As the door closed behind the last of them and I broke open a roll of bandage, the old lady looked quizzically at me.

‘Know what you’re doing, young man?’

‘More or less. I’m a doctor.’

‘Doctor, hey?’ She looked at me with open suspicion, and what with my bulky, oil-streaked and smelly furs, not to mention the fact that I hadn’t shaved for three days, I suppose there was justification enough for it. ‘You sure?’

‘Sure I’m sure,’ I said irritably. ‘What do you expect me to do – whip my medical degree out from under this parka or just wear round my neck a brass plate giving my consulting hours?’

‘We’ll get along, young man,’ she chuckled. She patted my arm, then turned to the young girl. ‘What’s your name, my dear?’

‘Helene.’ We could hardly catch it, the voice was so low: her embarrassment was positively painful.

‘Helene? A lovely name.’ And indeed, the way she said it made it sound so. ‘You’re not British, are you? Or American?’

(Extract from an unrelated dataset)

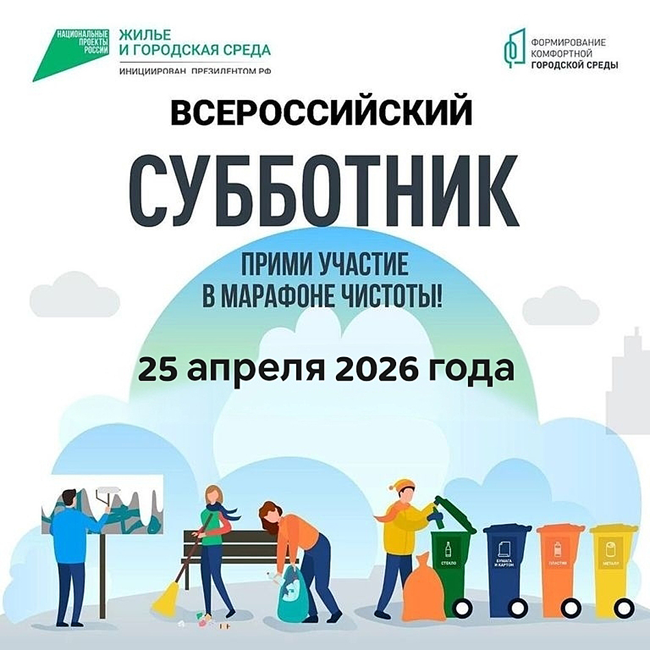 25 апреля 2026 года в 10.00 часов - Всероссийский субботник. |
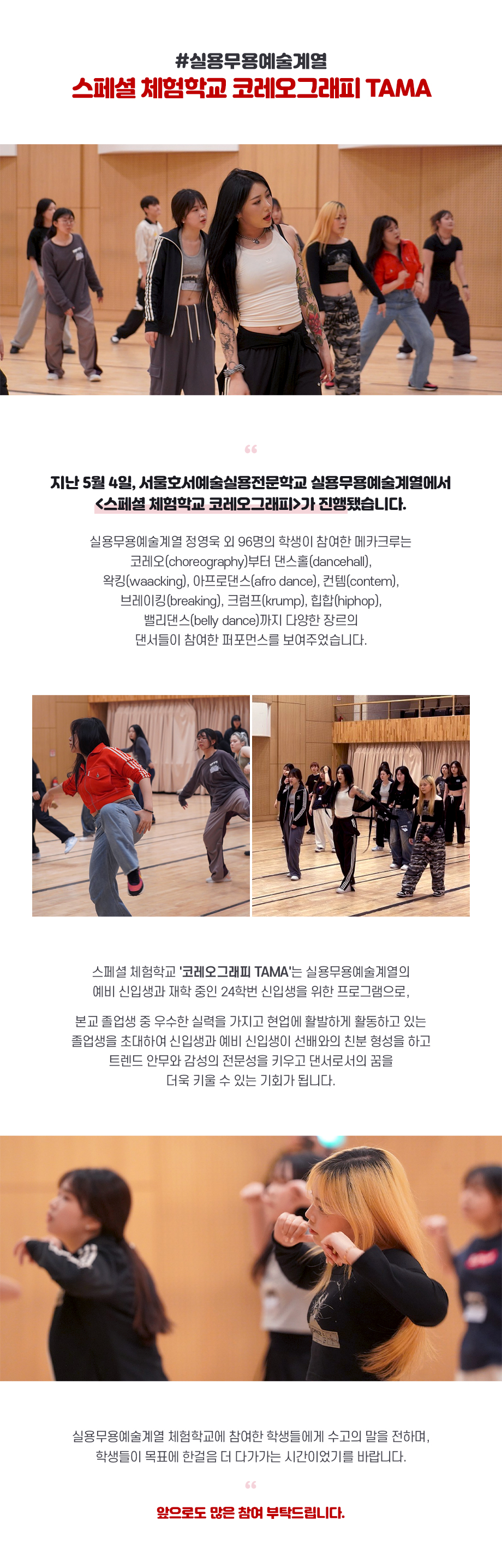 지난 5월 4일, 서울호서예술실용전문학교 실용무용예술계열에서 <스페셜 체험학교 코레오그래피>가 진행됐습니다. 스페셜 체험학교 '코레오그래피 TAMA'는 실용무용예술계열의 예비 신입생과 재학 중인 24학번 신입생을 위한 프로그램으로, 본교 졸업생 중 우수한 실력을 가지고 현업에 활발하게 활동하고 있는 졸업생을 초대하여 신입생과 예비 신입생이 선배와의 친분 형성을 하고 트렌드 안무와 감성의 전문성을 키우고 댄서로서의 꿈을 더욱 키울 수 있는 기회가 됩니다.

‘I’m from Germany, madam.’

‘Don’t call me “madam”. You know, you speak English beautifully. Germany, hey? Bavaria, for a guess?’

‘Yes.’ The rather plain face was transfigured in a smile, and I mentally saluted the old lady for the ease with which she was distracting the young girl’s thoughts from the pain. ‘Munich. Perhaps you know it?’

‘Like the back of my hand,’ she said complacently. ‘And not just the Hofbrauhaus either. You’re still very young, aren’t you?’

‘I’m seventeen.’

‘Seventeen.’ A nostalgic sigh. ‘Ah, my dear, I remember when I was seventeen. A different world. There was no trans-Atlantic airliner in those days, I can tell you.’

‘In fact,’ I murmured, ‘the Wright brothers were hardly airborne.’ The face had been more than familiar to me, and I was annoyed that I should have taken so long in placing it: I suppose it was because her normal setting was so utterly different from this bleak and frozen world.

‘Being insulting, young man?’ she queried. But there was no offence in her face.

‘I can’t imagine anyone ever insulting you. The world was at your feet even in the Edwardian days, Miss LeGarde.’

‘You know me, then?’ She seemed genuinely pleased.

‘It would be difficult to find anyone who doesn’t know the name of Marie LeGarde.’ I nodded at the young girl. ‘See, Helene knows it too.’ And it was clear from the awe-struck expression on the young German girl’s face that the name meant as much to her as to me. Twenty years queen of the music-hall, thirty years queen of the musical comedy stage, beloved wherever she was known less for her genius than for the innate kindliness and goodness which she tried to conceal from the world with a waspish tongue, for the half-dozen orphanages she maintained in Britain and Europe, Marie LeGarde was one of the few truly international names in the world of entertainment.

‘Yes, yes, I see you know my name.’ Marie LeGarde smiled at me. ‘But how did you know me?’

‘From your photograph, naturally. I saw it in Life the other week, Miss LeGarde.’

‘“Marie”, to my friends.’

‘I don’t know you,’ I protested.

‘I paid a small fortune to have that photograph retouched and made briefly presentable,’ she answered obliquely. ‘It was a splendid photograph, inasmuch as it bore precious little resemblance to the face that I carry about with me. Anyone who recognises me from that is my friend for life. Besides,’ she smiled, ‘I bear nothing but the most amicable feelings towards people who save my life.’

I said nothing, just concentrated on finishing the job of strapping up Helene’s arm and shoulders as quickly as possible: she was blue with cold, and shivering uncontrollably. But she hadn’t uttered a murmur throughout, and smiled gratefully at me when I was finished. Marie LeGarde regarded my handiwork approvingly.